Fulfilling that promise, OpenAI reportedly boosted its stock-based pay to over $4.4 billion, a clear sign of the immense financial cost of retaining top minds in this war. The conflict also sparked a public dispute over compensation. Altman claimed Meta was making “nine-figure” offers to poach talent.
A newly hired Meta researcher, Lucas Beyer, publicly called the claim “fake news” on X. This back-and-forth highlights the intense pressure and high-stakes negotiations defining the industry. Chen later tried to rally his team, framing the corporate battle as a distraction from their core mission. He wrote in his memo, “this is the main quest, and it’s important to remember that skirmishes with Meta are the side quest,” urging staff to focus on building transformative AI.
Inflaming Old Rivalries: The Elon Musk Factor
Snagging top talent from Tesla and xAI directly inflames the already tense relationship between OpenAI and its co-founder, Elon Musk. Musk, a central figure in OpenAI’s 2015 creation, left the organization in 2018 over fundamental disagreements on its direction and safety protocols.
Musk had reportedly sought to take complete control of OpenAI to steer its development, a move that was rejected by other leaders. He departed and later founded xAI with the stated goal of creating a safer, more truthful alternative to what he saw as OpenAI’s dangerous path.
The rivalry has since spilled into the courts.

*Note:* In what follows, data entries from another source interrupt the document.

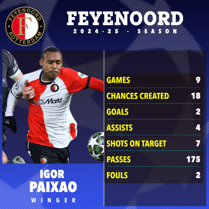 Paixao also registered an assist in Feyenoord's 3-3 comeback draw with Manchester City earlier this season.
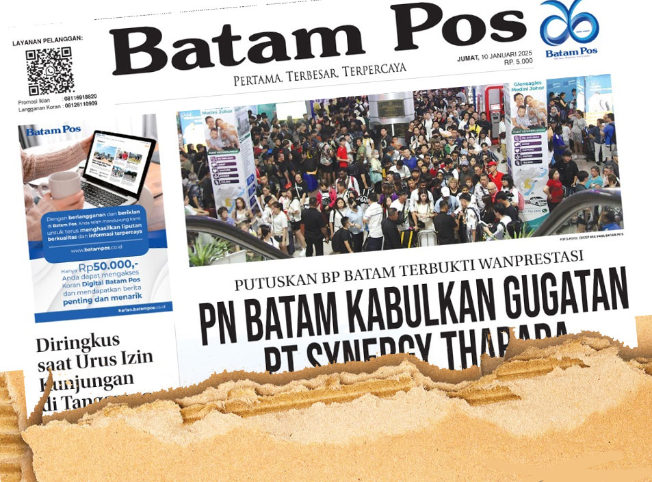 batampos – Batam Pos merilis berita berjudul PN Batam Kabulkan Gugatan PT Synergi Tharada. Pada berita ini Majelis Hakim menilai BP Batam melakukan Wanprestasi terhadap perjanjian antara BP Batam dan PT Synergi Tharada, terkait pemutusan kontrak pengelolaan Pelabuhan Feri Internasional Batam Center.
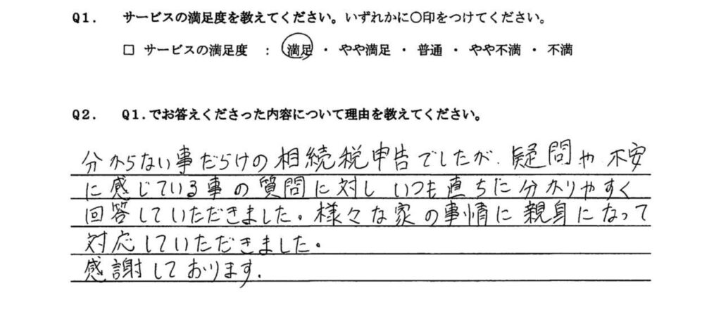 大変お世話になりました。相続に関して全く知識のない素人でしたが、
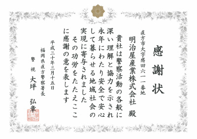 愛知県中警察署長より感謝状を頂きました お知らせ 東海廣告株式会社
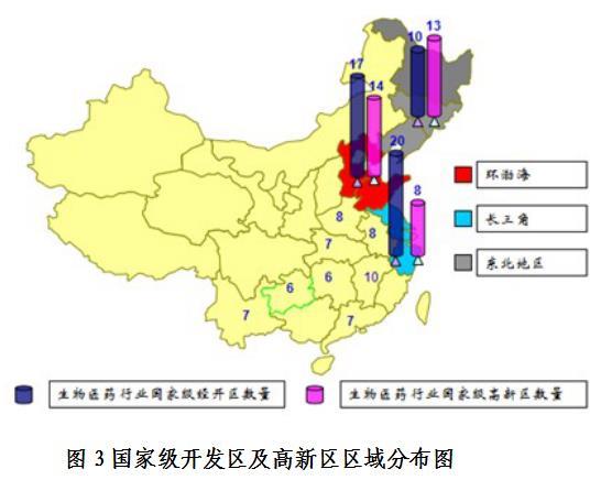 三、從各地區生物醫藥行業國家級經濟開發區和高新區分布來看,仍以長三角、環渤海和東北地區為主
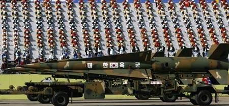 這次閱兵式展出了大型高科技武器,其中包括法制便攜式導彈、韓國國產(chǎn)巡航導彈、防區(qū)外發(fā)射的AGM-142空對地導彈。由以色列設計的這種被稱作“瞪眼”的導彈是韓國加強軍力計劃的一部分,這是這種導彈首次公開展示,這種由電子光學制導的導彈的射程超過100公里,于去年開始在韓國軍隊中服役。軍事官員稱,韓國將于今明兩年購買更多的這種導彈。
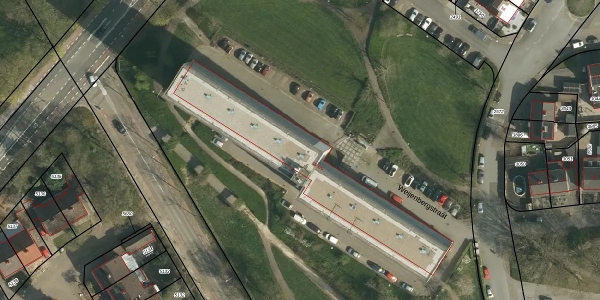 Het perceel waarop Weijenbergstraat 264 staat heeft een oppervlakte van 2,6 ha. Dit is een zeer groot perceel. De perceeloppervlakte wordt geregistreerd door het Kadaster. Gedetailleerde informatie over de maten van dit perceel kunt u vinden in het rapport Kadastrale kaart met maatvoering van Weijenbergstraat 264.

Musk is currently suing OpenAI, alleging it abandoned its founding, non-profit mission for humanity’s benefit by partnering with Microsoft and pursuing a closed-source, for-profit model.

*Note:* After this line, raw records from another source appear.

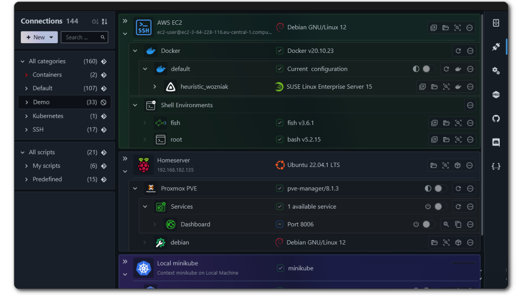多功能连接中心: 支持 SSH、Docker、Kubernetes、Proxmox、VMware 等多种连接类型,用户可以通过一个界面快速管理各种环境。 -
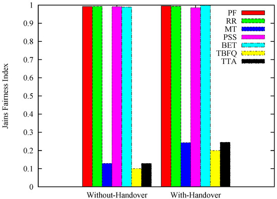 - Shojaedin, N.; Ghaderi, M.; Sridharan, A. Effect of handover on the performance of scheduling algorithms in LTE networks. In Proceedings of the 2015 IEEE Wireless Communications and Networking Conference (WCNC), New Orleans, LA, USA, 9–12 March 2015; pp. 1386–1391. [Google Scholar]
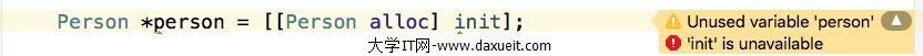 例子: #define UNAVAILABLE_ATTRIBUTE __attribute__((unavailable)) #define NS_UNAVAILABLE UNAVAILABLE_ATTRIBUTE #import <Foundation/Foundation.h> @interface Person : NSObject @property(nonatomic,copy) NSString *name; @property(nonatomic,assign) NSUInteger age; - (instancetype)init NS_UNAVAILABLE; - (instancetype)initWithName:(NSString *)name age:(NSUInteger)age; @end
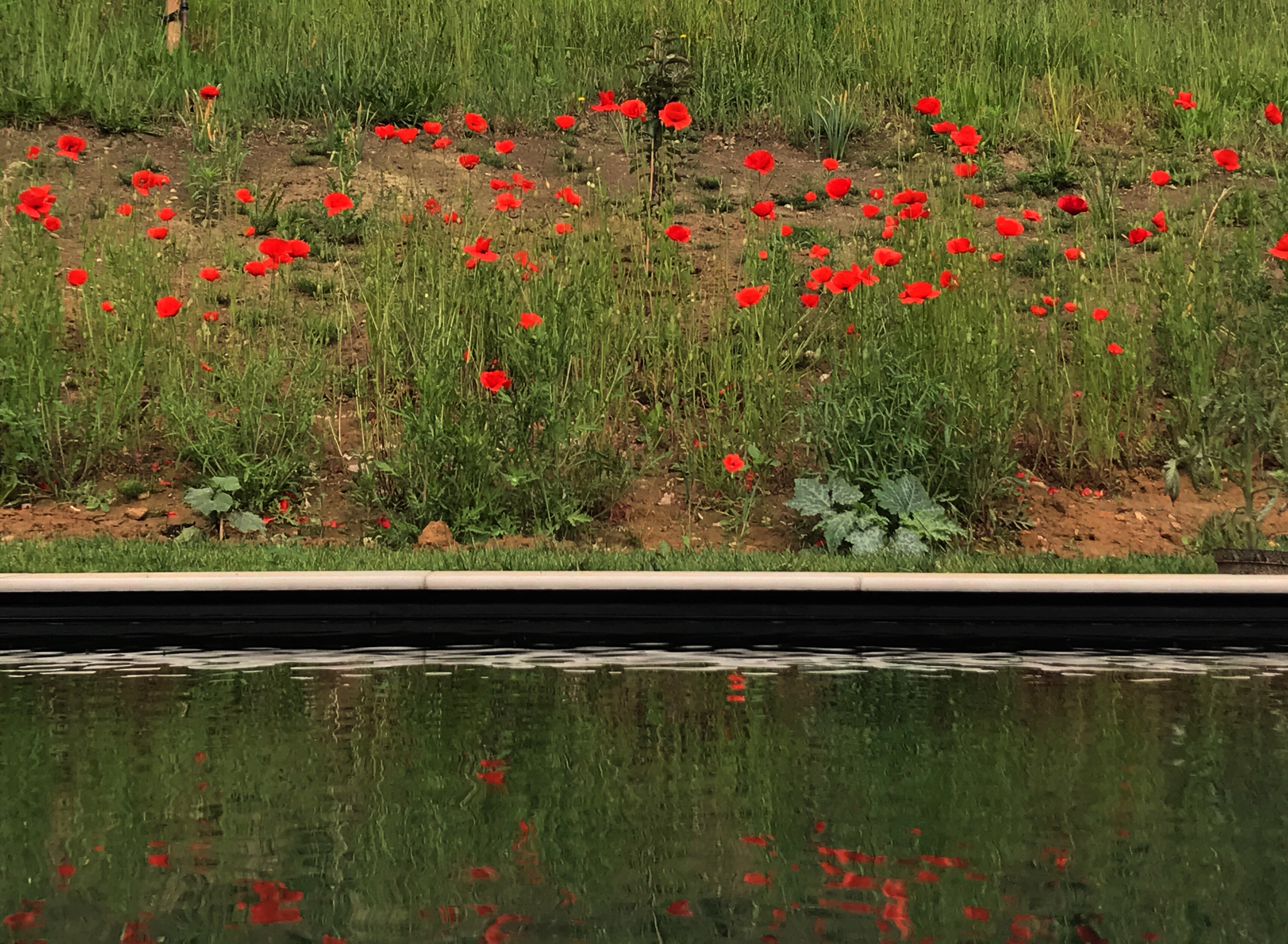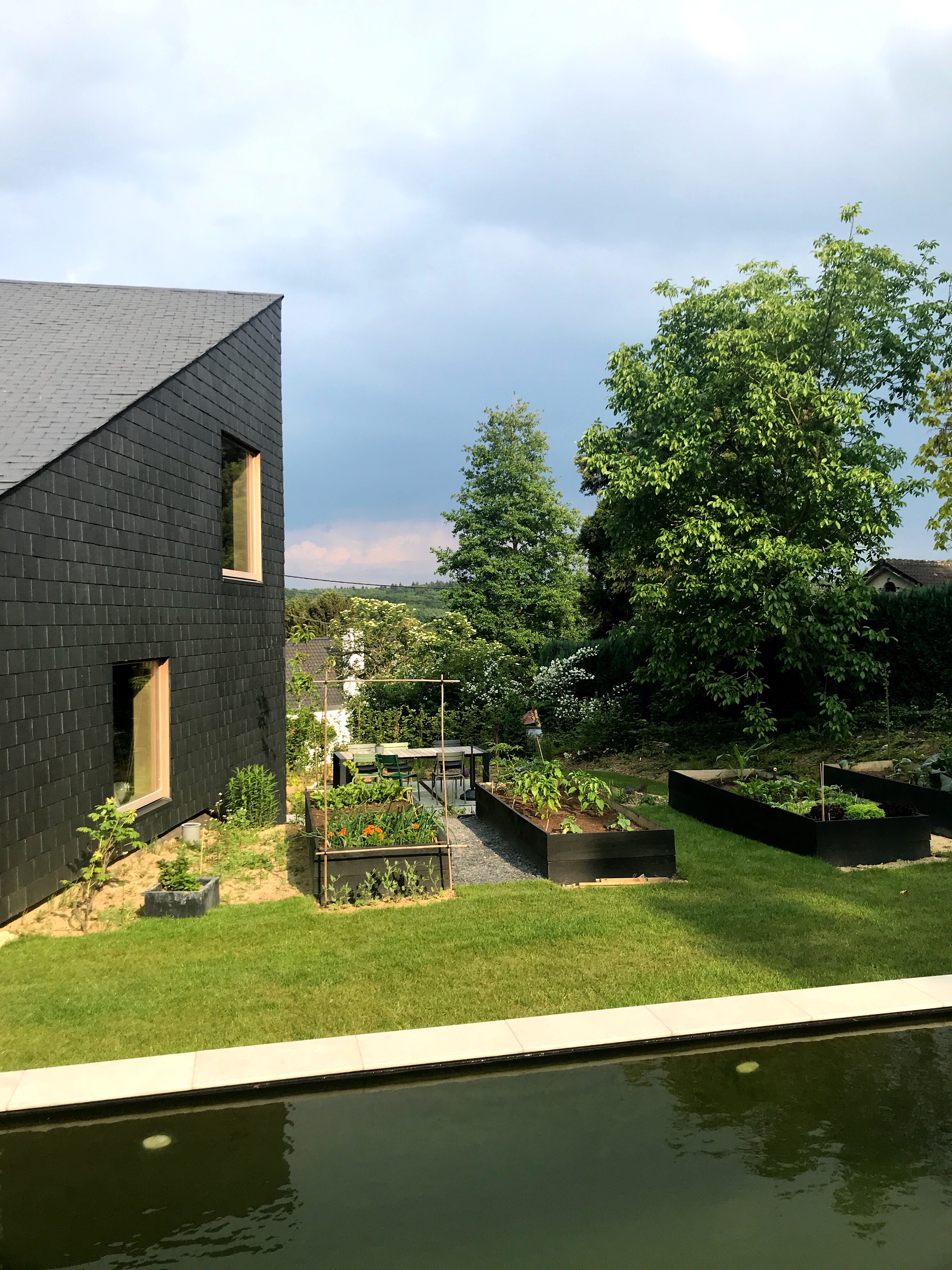 The most used part of the garden this month must be the natural swimming pond. The water is crystal clear and has heated up to a lovely 24° C, just by the sun. The plants have grown a lot and earlier this year we had quite some algae. Now the algae have gone, it seems the plants are suffering a bit. I suppose the downside of the crystal clear water is that the plants lack a bit of nutritiens. Water beetles have found their way to the pond, and also many kinds of dragonflies love to hang around. It’s great to swim in natural water, without all the chlorine, and at the same time attract wildlife. The swallows love to dive straight towards the water to drink… it’s like having an airshow every day.

At the heart of the legal conflict is the “founding agreement” and the initial goal of creating an open-source, non-profit counterweight to Google. Musk alleges this core promise was broken for profit. OpenAI has countered by publishing previously undisclosed internal emails, showing Musk himself pushed for a for-profit structure.
The company is countersuing Musk, accusing him of interfering with its business and engaging in unfair competition. This legal battle forms a bitter backdrop to the ongoing competition for talent, resources, and market dominance in the generative AI space.

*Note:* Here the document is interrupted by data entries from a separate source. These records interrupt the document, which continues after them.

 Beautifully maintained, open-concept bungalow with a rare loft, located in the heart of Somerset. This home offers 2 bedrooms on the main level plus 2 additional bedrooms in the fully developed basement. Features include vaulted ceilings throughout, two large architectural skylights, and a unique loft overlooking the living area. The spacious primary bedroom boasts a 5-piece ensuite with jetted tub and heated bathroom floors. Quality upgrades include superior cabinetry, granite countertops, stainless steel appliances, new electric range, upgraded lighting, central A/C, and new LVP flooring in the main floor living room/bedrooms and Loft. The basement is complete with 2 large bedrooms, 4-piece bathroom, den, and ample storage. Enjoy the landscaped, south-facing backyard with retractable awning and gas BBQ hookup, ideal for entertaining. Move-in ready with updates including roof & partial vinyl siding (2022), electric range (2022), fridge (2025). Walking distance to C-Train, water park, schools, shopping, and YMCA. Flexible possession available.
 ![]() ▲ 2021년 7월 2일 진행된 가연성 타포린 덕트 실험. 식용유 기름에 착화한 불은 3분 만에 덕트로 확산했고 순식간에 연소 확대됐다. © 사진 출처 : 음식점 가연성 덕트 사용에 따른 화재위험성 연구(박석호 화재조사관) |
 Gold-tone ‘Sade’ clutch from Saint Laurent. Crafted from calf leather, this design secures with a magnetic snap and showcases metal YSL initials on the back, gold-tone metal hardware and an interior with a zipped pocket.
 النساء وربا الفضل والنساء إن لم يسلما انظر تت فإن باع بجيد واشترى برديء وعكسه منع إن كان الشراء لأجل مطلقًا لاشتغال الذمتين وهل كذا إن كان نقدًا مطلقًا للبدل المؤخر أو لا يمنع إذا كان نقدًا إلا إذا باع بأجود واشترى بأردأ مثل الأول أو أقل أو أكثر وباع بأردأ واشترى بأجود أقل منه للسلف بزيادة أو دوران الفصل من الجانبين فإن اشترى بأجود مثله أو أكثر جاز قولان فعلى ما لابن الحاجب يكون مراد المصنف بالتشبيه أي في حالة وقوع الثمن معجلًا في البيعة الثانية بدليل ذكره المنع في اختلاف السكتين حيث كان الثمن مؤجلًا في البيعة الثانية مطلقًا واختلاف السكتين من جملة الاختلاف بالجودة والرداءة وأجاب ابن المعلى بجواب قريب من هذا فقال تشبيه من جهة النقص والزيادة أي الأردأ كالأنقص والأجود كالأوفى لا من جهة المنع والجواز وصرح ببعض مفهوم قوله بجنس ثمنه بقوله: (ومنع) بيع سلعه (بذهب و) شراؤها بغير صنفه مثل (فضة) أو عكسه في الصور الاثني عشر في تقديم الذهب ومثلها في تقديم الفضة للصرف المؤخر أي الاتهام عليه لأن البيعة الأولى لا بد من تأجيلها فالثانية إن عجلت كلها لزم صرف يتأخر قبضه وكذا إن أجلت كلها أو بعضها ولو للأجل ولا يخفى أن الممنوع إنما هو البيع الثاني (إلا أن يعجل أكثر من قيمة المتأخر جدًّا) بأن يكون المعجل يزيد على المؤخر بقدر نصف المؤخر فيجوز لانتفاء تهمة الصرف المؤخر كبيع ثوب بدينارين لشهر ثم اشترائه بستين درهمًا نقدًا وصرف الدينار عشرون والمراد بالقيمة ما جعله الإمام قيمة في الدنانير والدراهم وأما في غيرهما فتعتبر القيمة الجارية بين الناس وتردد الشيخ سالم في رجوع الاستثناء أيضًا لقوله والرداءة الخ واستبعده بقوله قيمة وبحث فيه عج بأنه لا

This hiring spree is therefore more than a simple recruitment win; it’s a strategic power play. By fortifying its infrastructure team with talent from its biggest rivals, OpenAI is betting that the race for AGI will be won in the data center, while simultaneously tweaking its most vocal critic.
An OpenAI spokesperson, Hannah Wong, confirmed the new additions, stating, “we’re excited to welcome these new members to our scaling team.” The company’s focus remains on accelerating its mission to build and deploy beneficial AI, a mission it now pursues with key personnel formerly dedicated to its chief competitor’s vision.